Dia Man (2002, Bertrand Duchaufour) opens with a citrus-spice spritz (green cardamom, Herod-like cinnamon, and bitter orange merging into something as delicate as a rose-water hydrating mist) and an unexpectedly ebullient combo of musky labdanum and limonene olibanum

that serves as a low-resin red carpet for the aerated heart of petal-fresh florals (plum blossom imparting a silken-aqueous nuance of dewy berries, a faint fruitiness that reads like a watered-down version of what we get in Jubilation XXV; orris adding the creamy waxen presence of a near scentless candle, a creamy feel not too far from Honour Man; ylang-ylang, boosting that cream, setting the tropical location with its whispers of banana-cream depth; peony sprinkling the bouquet with a powder of weightless elegance),

these florals—even the peony (the prima ballerina despite her shocking petiteness)—never weighed down by the chypre-adjacent backbone that only on paper violates the watercolor glow of the flowery-incense whole (a glow soft and precious enough even for me to still characterize this fragrance after a year of experience as the smell of baby Christ’s breath, Jubilation XXV perhaps being the smell of the adult Christ’s breath):

vetiver, peony’s male co-star here, delivering (not too far from Cowboy Grass or is it Saint Vetyver?) a smoky vegetable-root feel (a more-carrot-bay-leaf-than-fresh-grassy feel that comes out especially if you layer a new dose on top of a dry-down spot), earthen but still light and nimble as a forest elf;

rosewood adding a violet-tinged velvetiness that amounts to a soft allusion to another dandy scent in the Amouage repertoire (the much louder, and much more Oscar-Wilde appropriate, Portrayal Man);

patchouli, woody-green rather than earthy-olive, adding depth without heaviness—or at least a signal of depth, which to creatures such as ourselves (Pavlovian, vulnerable to illusion, happy with simulation);

leather, supple and almost sheer, reinforcing an aura (especially with the help of vetiver, which is probably the main sour of leather impressions here anyway) reminiscent of a watercolor version of the spicier Bel Ami Vetiver;

the amber accord, bereft even of the slightest hint of benzoin-vanilla sweetness, presenting itself much more in the salty-mineralic manner of lab-simulation ambergris—

the overall effect being one of the rare Amouage releases (and perhaps more so than Lyric Man, Reflection Man, Beloved Man, Silver Man, and even Ciel Man) that sidesteps boisterous ostentation in favor a radiant restraint that could easily be seen as an Ormonde Jayne if it were blasted our with the some of Shoen’s iso-e-super variants;

the overall effect being, in other words, a floral-vetiver fragrance that makes me picture, because of its peony tinkle and delicate whisper, the baby Christ and yet oddly at the very same time, because of its really masculine clean vetiver and the surprising smokiness of the drydown, makes me picture a well-mannered aristocrat, an older Connery, in an breezy linen suit (perhaps a Panama hat shading his face and a white dress shirt still carrying the ghost of last night’s celebration) out on a dawn veranda looking out at a Thai lawn of expansive greenery, his magnetic presence of effortless luminosity seeming to draw even counterfactual others closer to catch any whispers of wisdom as he holds a spent pipe.

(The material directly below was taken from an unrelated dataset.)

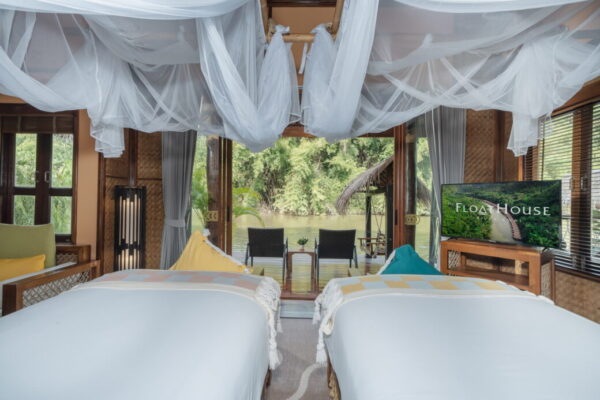 The Pride of Thailand - One of the best elegant Kanchanaburi hotels-The FloatHouse River Kwai floating resort aims to be the world’s best floating villas. The FloatHouse River Kwai Resort is a nature hideaway and can be found in very few places in the world. Each luxurious and spacious floating villa is totally private and rich in custom tailored-made teakwood furniture with thatched roofing creating a smooth blend between local artistic traditions and the natural environment.

*Let’s workshop this poem about how humanitarian spectacle manufactures empathy by selecting victims whose helplessness is legible not just as need but as beauty coded through chimp-like mating desires.


Fuckable Cheekbones

Those who dunk seagulls in oil sludge to snap that cha-ching, that beach-scum struggle

to lift a wing, know it well: to stir telethon empathy into fury, the starving kid must be

cute—close as possible, beneath our self-deception, to what we stone others for seeing.


 

“We need books that affect us like a disaster, that grieve us deeply, like the death of someone we loved more than ourselves, like being banished into forests far from everyone, like a suicide. A book must be the axe for the frozen sea within us.”—Kafka (against the safe-space cancel culture pushed by anti-art bullies, left and right)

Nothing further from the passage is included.